*Stored items:*
******************************

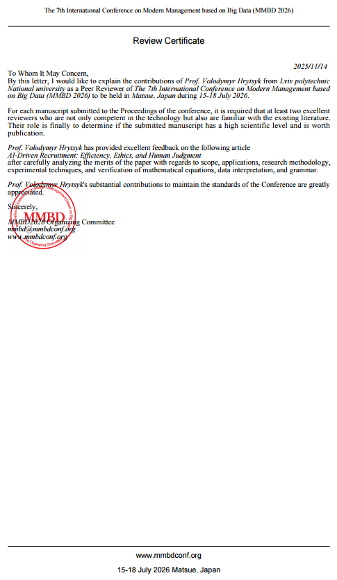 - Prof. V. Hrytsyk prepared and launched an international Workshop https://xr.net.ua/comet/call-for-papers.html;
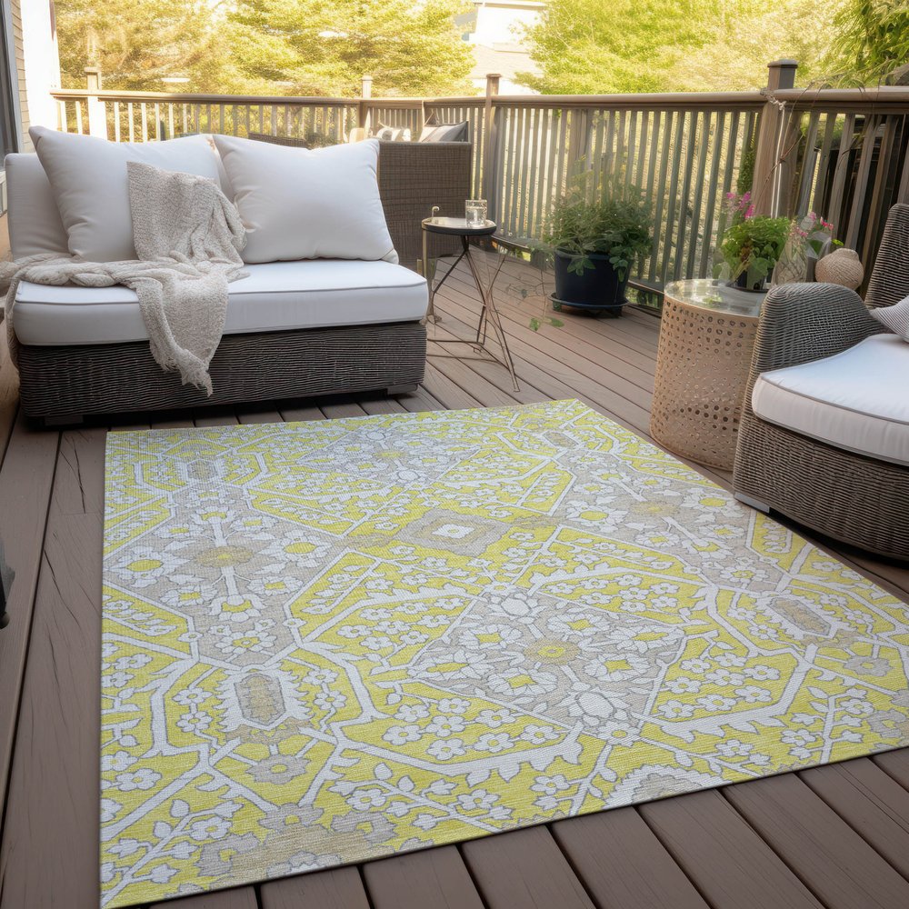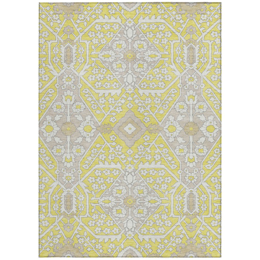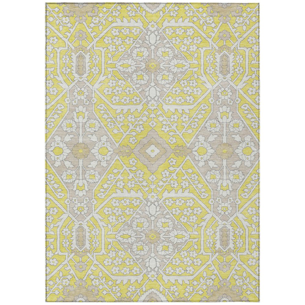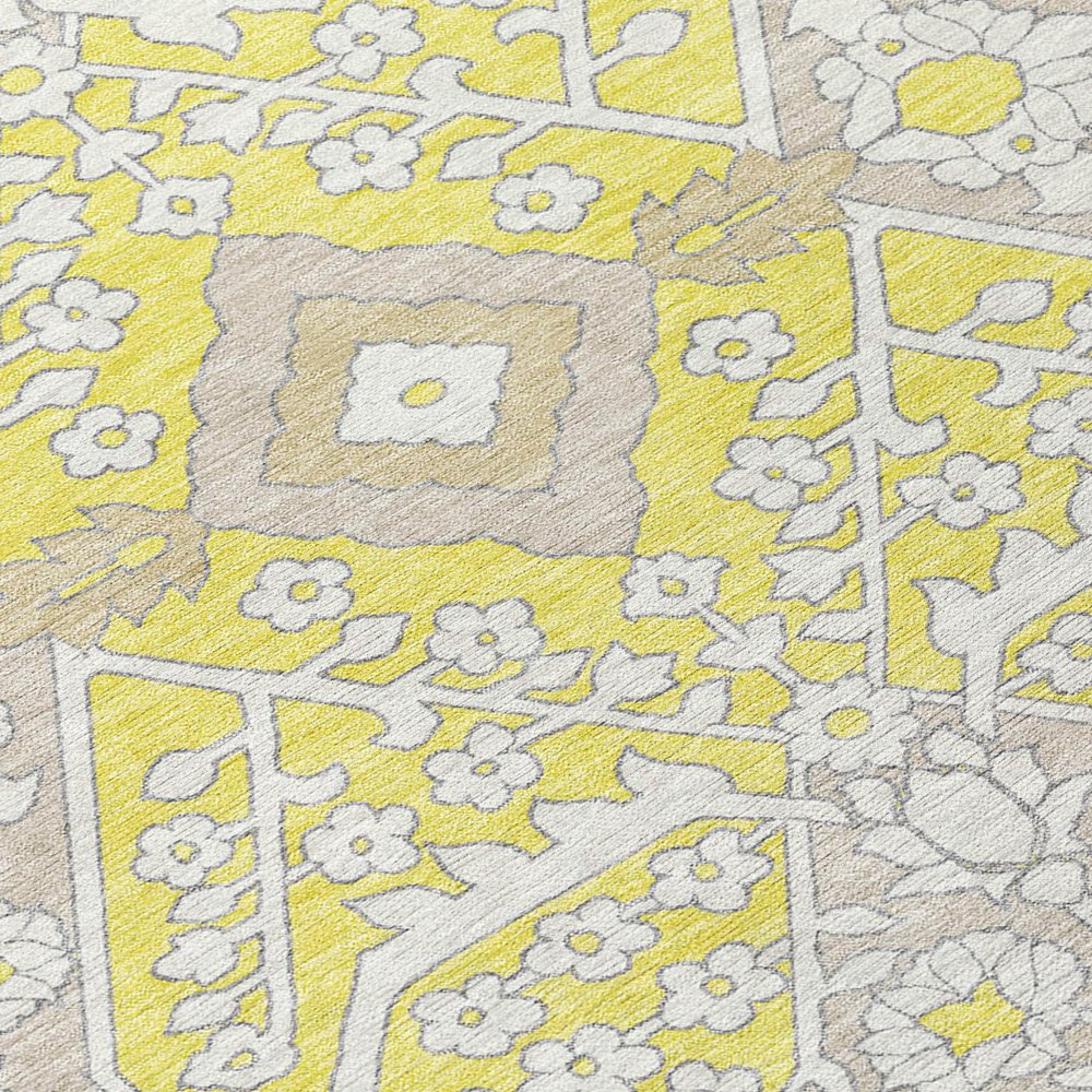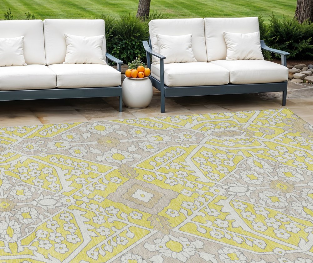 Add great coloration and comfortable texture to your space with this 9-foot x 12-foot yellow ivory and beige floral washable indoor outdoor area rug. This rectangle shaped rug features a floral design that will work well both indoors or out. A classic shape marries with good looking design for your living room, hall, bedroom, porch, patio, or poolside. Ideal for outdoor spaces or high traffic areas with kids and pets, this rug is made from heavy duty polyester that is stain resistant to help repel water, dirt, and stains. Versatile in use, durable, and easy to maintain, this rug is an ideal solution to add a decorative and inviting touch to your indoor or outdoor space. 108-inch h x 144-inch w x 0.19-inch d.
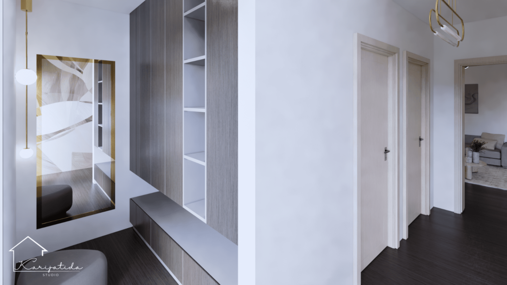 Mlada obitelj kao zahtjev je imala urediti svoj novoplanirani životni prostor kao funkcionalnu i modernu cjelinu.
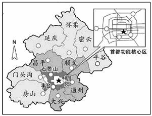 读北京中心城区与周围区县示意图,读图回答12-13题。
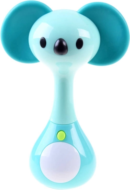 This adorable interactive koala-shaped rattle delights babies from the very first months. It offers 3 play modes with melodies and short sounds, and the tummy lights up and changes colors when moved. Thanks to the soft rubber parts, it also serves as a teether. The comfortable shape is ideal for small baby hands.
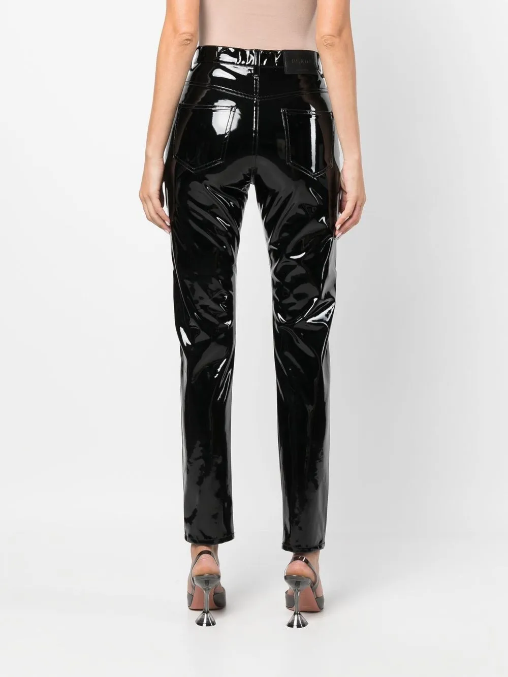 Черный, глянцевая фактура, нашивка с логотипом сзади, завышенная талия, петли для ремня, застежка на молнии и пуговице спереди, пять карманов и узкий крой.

******************************

*Try it:* Please repeat the records above exactly, omitting any pictures they contain.

*Solution for this problem:*
 - Prof. V. Hrytsyk prepared and launched an international Workshop https://xr.net.ua/comet/call-for-papers.html;
 Add great coloration and comfortable texture to your space with this 9-foot x 12-foot yellow ivory and beige floral washable indoor outdoor area rug. This rectangle shaped rug features a floral design that will work well both indoors or out. A classic shape marries with good looking design for your living room, hall, bedroom, porch, patio, or poolside. Ideal for outdoor spaces or high traffic areas with kids and pets, this rug is made from heavy duty polyester that is stain resistant to help repel water, dirt, and stains. Versatile in use, durable, and easy to maintain, this rug is an ideal solution to add a decorative and inviting touch to your indoor or outdoor space. 108-inch h x 144-inch w x 0.19-inch d.
 Mlada obitelj kao zahtjev je imala urediti svoj novoplanirani životni prostor kao funkcionalnu i modernu cjelinu.
 读北京中心城区与周围区县示意图,读图回答12-13题。
 This adorable interactive koala-shaped rattle delights babies from the very first months. It offers 3 play modes with melodies and short sounds, and the tummy lights up and changes colors when moved. Thanks to the soft rubber parts, it also serves as a teether. The comfortable shape is ideal for small baby hands.
 Черный, глянцевая фактура, нашивка с логотипом сзади, завышенная талия, петли для ремня, застежка на молнии и пуговице спереди, пять карманов и узкий крой.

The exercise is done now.